Williams presents itself as a balanced group spread across building products, security and fire protection, but if you clump Yale security products in with the rest of its paints, sealants and wood preservers, 70 per cent of the group's profits comes from building. In that context, generating profits growth of 20 per cent to pounds 103.1m from sales 18 per cent higher at pounds 765.6m was an impressive performance.
Williams' building products operations in the UK and North America are plainly up against it. Operating margins in the European businesses fell 2.2 per cent thanks to acquisitions of companies with a lower return on sales and a squeeze from the DIY sheds as demand dropped away in the second quarter. A similar fall-off hit the US operation.
The company may be operating in some difficult markets but it has several advantages. It is extremely well-run. Profits from security products (up 20 per cent), for example, benefited from continuing efficiency improvements at Corbin Russwin, last year's US lock-making acquisition.
It also has a good geographical spread.
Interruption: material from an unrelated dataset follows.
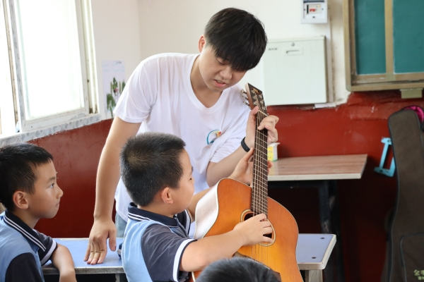 (通讯员 刘洋 邓志坤)7月11日上午,“沅梦之队“——我校教育科学学院赴益阳市沅江市暑期社会实践团成员刘洋在南竹山学校“逐梦”班开展吉他基础知识教学,旨在通过此课程提高孩子们对乐理知识的兴趣,打开孩子们通往音乐世界的大门。
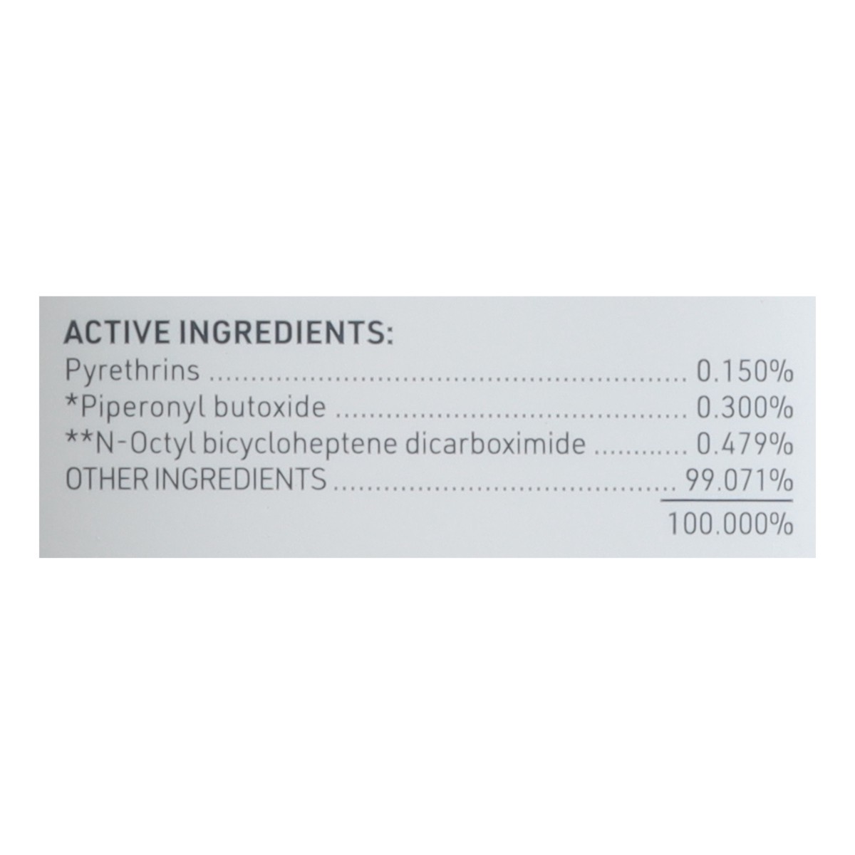 Active ingredients:nPyrethrins - 0.150%.n*Piperonyl Butoxide - 0.300%.n**N-Octyl Bicycloheptene Dicarboximide - 0.479%.nOther ingredients - 99.071%.n100.000%.

Yale Italy had a good half year thanks to the increasing competitiveness of the lira, which boosted its ability to export to the Far East and Latin America. The next challenge will be to build a sizeable presence in the Far East, where Williams' leading brands are potential winners and its current exposure negligible.
Finally, Williams is in good shape financially, with gearing of a comfortable 21 per cent giving the company the fire power for at least another pounds 200m of acquisitions before needing to trouble shareholders for more cash.
All that will come as scant comfort to investors, who have seen their shares slip from a high of 413p in January 1994. They have since underperformed the market by more than a fifth. First they fell foul of the market's distrust of conglomerates - a tag Williams has had to work hard to shed - and more recently they have suffered from association with companies like Caradon, which warned on profits earlier this week.
Having drifted so far, Williams has lost its premium rating, which is fair enough given the company's insistence that it is now simply a tightly managed industrial holding company with a steady but unexciting bolt-on acquisition programme. On forecast profits of pounds 225m this year and pounds 265m next, the shares stand on a 1996 p/e of 13. About right.